For many people, being confined is taking its toll. People are noticing changes with their mood, energy and motivation.

If you are feeling the effects of COVID confinement, what might it look like to listen to your inner thoughts?

You might say:

  1. “I am so tired and I haven’t done anything all day”

  2. “What wrong with you, just do something” !


  1. “I hate the way I feel right now. I feel lazy, exhausted and worthless” 

  2. “I just don’t feel like doing anything….”!


  1. “I don’t feel motivated to get dressed and showered.…”

  2. “I need to stop making excuses – why am I making all these excuses” !


  1. “ I feel so overwhelmed and don’t know where to begin”

  2. “I just can’t seem to shake the way I feel!”


  1. “How can I just start to exercise and take care of myself!”

  2. “How do I get out of my FUNK. I’ve lost everything – my gym, my daily routine, my eating habits, my friends….EVERYTHING”
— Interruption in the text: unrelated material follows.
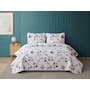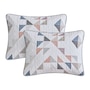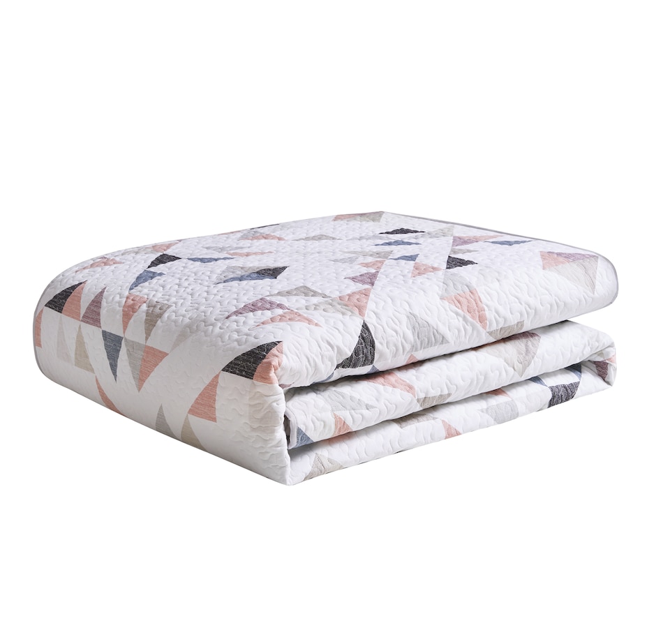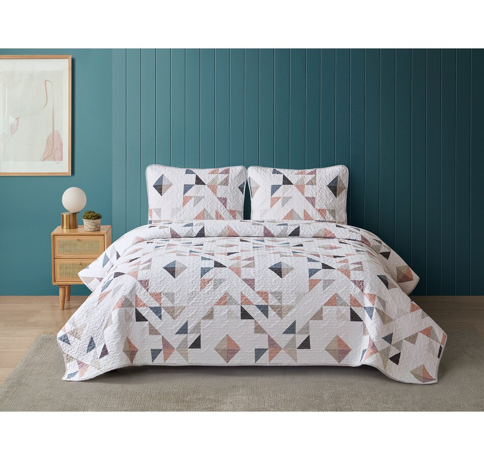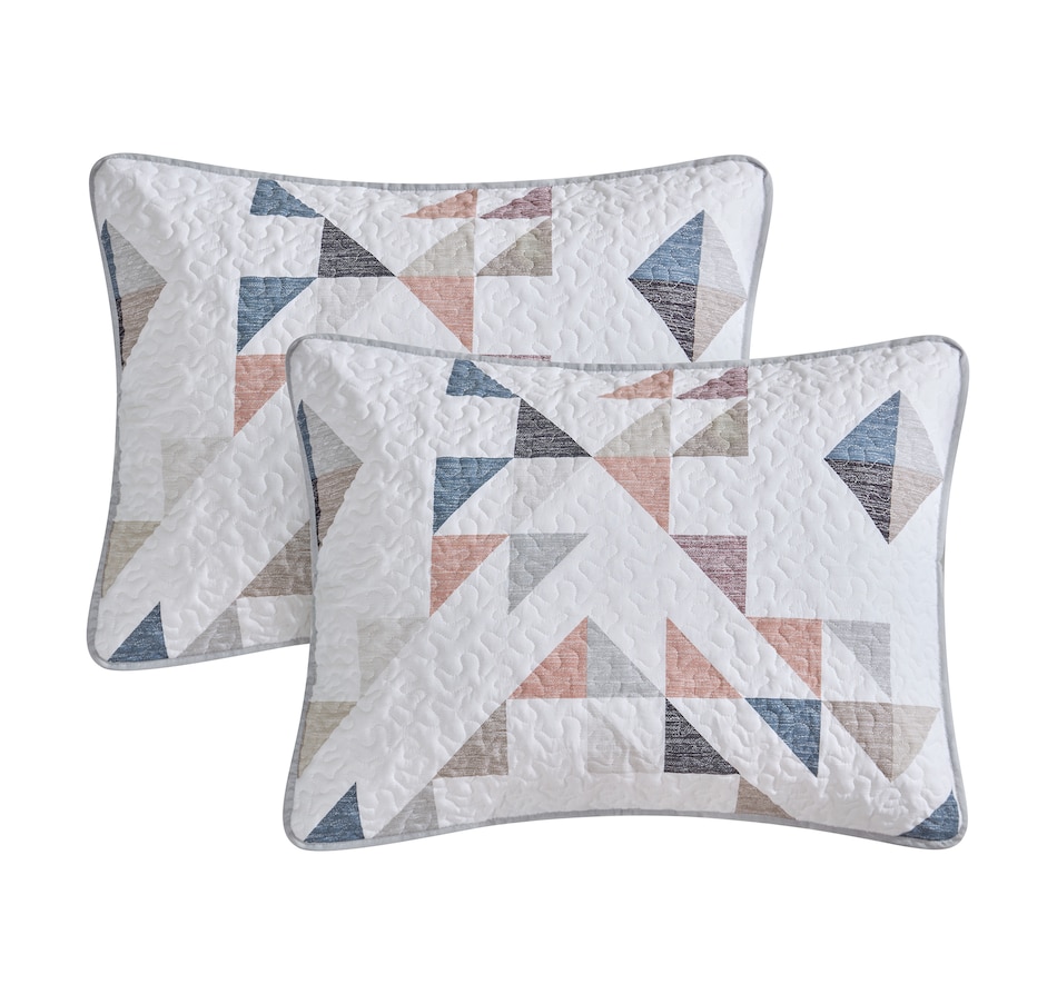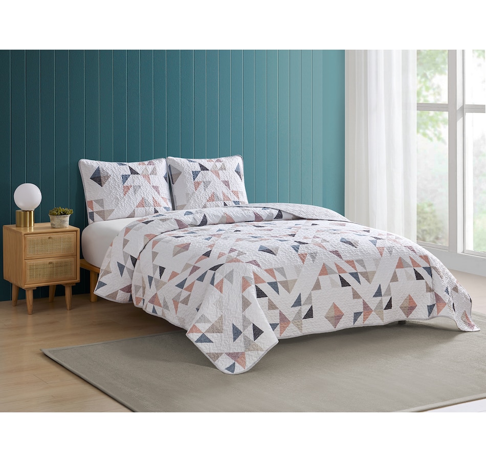 Refreshing your bedding is as easy as introducing this soft and breathable three-piece set, made from 100% cotton. Covering the white quilt and two matching shams are little triangles arranged in a fun, geometric pattern. The triangles are in muted shades of blue, grey, and red so you do not have to worry about this set clashing with your existing decor. Look closer at the pattern to find thin and faint, wavy lines in the background, bringing a little extra whimsy to the set. A simple, light grey border trims the quilt and shams. That same grey is also found on the quilt’s solid reverse. This set’s fabric is low maintenance, as everything is machine washable and easy to care for.

COVID-19 has led many people to experience significant disconnection, isolation and overall shift in mood towards feeling despair. Everything about our typical life has been completely turned upside down to a place that many of us never dreamed about, nor prepared for. To live mentally well, we require routine and structure to feel safe, secure and productive along with connections and pleasurable meaningful experiences.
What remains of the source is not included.